Material provided below:

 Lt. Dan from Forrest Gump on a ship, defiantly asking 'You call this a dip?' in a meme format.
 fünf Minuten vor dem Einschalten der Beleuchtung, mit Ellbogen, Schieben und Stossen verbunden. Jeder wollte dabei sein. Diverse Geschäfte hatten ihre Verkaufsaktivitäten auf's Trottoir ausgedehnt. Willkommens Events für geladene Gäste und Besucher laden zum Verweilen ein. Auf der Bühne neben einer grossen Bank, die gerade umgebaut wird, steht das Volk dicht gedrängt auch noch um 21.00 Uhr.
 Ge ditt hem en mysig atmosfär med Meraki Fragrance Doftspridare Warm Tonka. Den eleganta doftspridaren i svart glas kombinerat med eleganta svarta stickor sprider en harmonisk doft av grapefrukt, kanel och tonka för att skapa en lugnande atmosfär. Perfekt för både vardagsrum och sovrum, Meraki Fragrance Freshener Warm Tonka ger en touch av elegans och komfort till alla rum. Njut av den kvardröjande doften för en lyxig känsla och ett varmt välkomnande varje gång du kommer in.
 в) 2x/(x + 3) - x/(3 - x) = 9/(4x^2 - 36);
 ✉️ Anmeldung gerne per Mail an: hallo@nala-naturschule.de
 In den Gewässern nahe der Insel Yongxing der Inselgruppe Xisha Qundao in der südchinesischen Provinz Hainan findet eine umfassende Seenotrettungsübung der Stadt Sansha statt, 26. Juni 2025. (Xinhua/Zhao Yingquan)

End of Material provided.
Material provided below:

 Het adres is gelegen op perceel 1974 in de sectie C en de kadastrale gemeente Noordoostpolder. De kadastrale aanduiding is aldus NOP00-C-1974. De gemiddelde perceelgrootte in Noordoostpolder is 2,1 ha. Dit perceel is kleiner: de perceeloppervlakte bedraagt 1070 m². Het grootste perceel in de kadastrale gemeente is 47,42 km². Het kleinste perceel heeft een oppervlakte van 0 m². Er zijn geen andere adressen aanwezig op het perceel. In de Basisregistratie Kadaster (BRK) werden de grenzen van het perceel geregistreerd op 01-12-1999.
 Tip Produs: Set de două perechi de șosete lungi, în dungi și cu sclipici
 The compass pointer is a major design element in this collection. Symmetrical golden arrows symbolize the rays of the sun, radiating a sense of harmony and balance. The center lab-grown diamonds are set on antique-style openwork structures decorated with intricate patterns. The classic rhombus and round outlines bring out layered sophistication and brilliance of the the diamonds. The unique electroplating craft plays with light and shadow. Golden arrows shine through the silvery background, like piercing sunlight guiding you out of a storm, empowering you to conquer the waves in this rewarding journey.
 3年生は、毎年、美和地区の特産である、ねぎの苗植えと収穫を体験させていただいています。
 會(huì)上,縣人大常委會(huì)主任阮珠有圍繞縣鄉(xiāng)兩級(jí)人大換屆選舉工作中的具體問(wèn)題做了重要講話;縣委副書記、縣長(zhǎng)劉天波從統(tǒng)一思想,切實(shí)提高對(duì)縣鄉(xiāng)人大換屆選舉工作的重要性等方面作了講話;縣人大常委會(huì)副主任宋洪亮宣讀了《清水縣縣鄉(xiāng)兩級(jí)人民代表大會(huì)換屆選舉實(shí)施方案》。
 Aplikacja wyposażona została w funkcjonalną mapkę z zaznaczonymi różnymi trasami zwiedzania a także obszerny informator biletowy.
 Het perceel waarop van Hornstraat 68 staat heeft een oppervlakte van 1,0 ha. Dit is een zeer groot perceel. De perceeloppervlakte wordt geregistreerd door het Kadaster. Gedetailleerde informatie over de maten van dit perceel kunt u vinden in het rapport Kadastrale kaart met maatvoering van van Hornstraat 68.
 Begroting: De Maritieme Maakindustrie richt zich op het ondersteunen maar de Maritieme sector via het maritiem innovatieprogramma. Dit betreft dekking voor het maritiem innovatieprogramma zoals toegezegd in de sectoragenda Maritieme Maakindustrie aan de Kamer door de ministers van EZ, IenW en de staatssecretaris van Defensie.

End of Material provided.

Description of the task
Each line above that carries the string "this" has to be returned.

Output of the exercise
 Lt. Dan from Forrest Gump on a ship, defiantly asking 'You call this a dip?' in a meme format.
 The compass pointer is a major design element in this collection. Symmetrical golden arrows symbolize the rays of the sun, radiating a sense of harmony and balance. The center lab-grown diamonds are set on antique-style openwork structures decorated with intricate patterns. The classic rhombus and round outlines bring out layered sophistication and brilliance of the the diamonds. The unique electroplating craft plays with light and shadow. Golden arrows shine through the silvery background, like piercing sunlight guiding you out of a storm, empowering you to conquer the waves in this rewarding journey.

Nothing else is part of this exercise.